# Entries shown

################

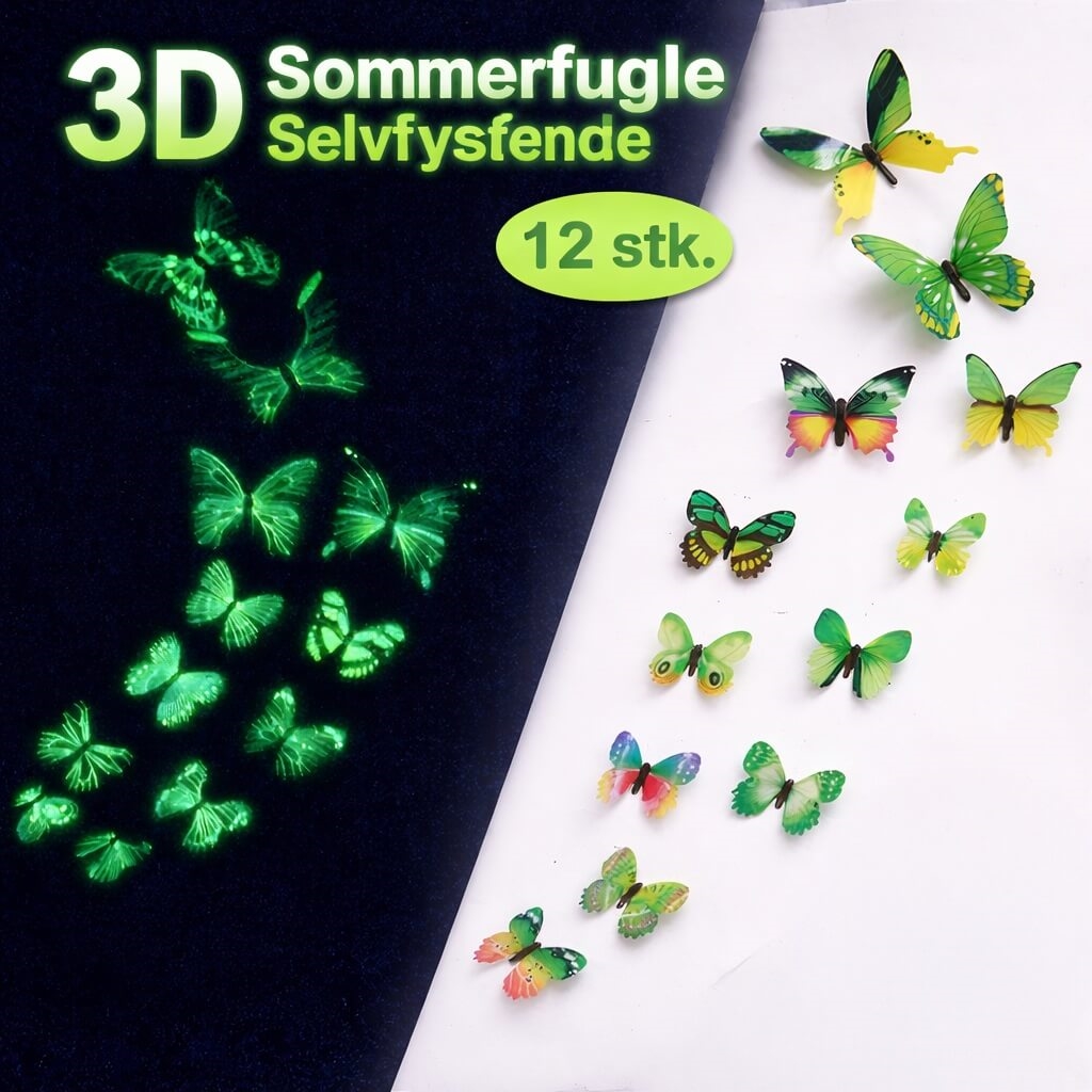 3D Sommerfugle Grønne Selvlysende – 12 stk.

################

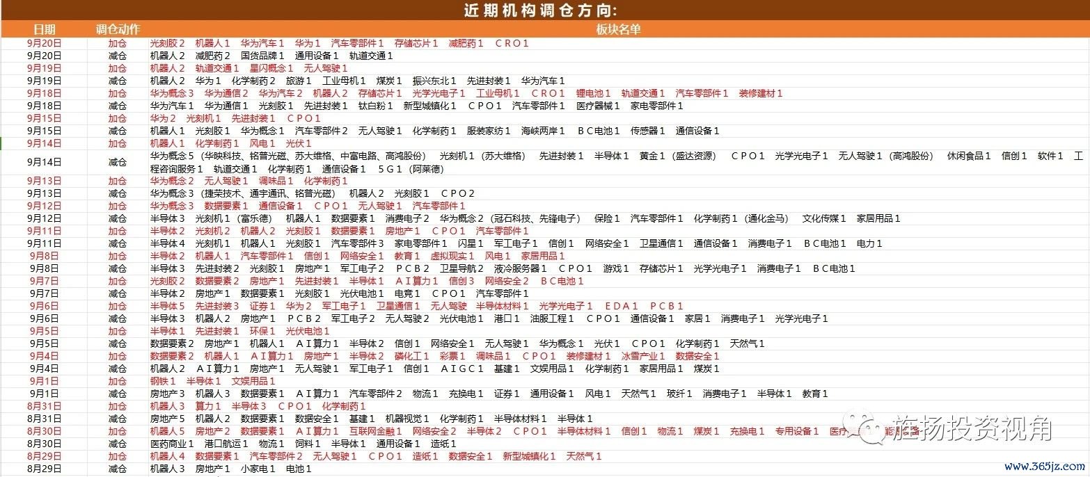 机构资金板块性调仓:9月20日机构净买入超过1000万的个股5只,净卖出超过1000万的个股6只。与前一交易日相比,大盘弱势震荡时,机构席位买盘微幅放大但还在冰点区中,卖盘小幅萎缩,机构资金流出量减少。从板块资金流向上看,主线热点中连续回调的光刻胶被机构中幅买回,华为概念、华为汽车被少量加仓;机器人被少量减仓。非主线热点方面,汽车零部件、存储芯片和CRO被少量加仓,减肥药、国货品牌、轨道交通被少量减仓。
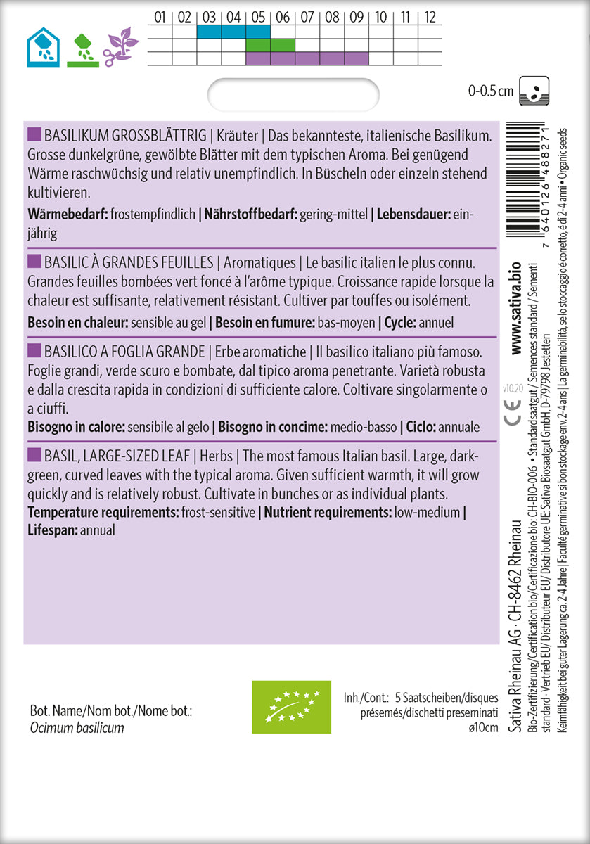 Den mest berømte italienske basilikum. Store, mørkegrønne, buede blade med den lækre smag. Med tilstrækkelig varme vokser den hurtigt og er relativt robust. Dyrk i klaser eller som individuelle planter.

################

# Task statement
Output only the lines above from the one containing "机构资金板块性调仓:9月20" to the one containing "Den mest berømte", both included, exactly as written and with no pictures.

# Answer area
 机构资金板块性调仓:9月20日机构净买入超过1000万的个股5只,净卖出超过1000万的个股6只。与前一交易日相比,大盘弱势震荡时,机构席位买盘微幅放大但还在冰点区中,卖盘小幅萎缩,机构资金流出量减少。从板块资金流向上看,主线热点中连续回调的光刻胶被机构中幅买回,华为概念、华为汽车被少量加仓;机器人被少量减仓。非主线热点方面,汽车零部件、存储芯片和CRO被少量加仓,减肥药、国货品牌、轨道交通被少量减仓。
 Den mest berømte italienske basilikum. Store, mørkegrønne, buede blade med den lækre smag. Med tilstrækkelig varme vokser den hurtigt og er relativt robust. Dyrk i klaser eller som individuelle planter.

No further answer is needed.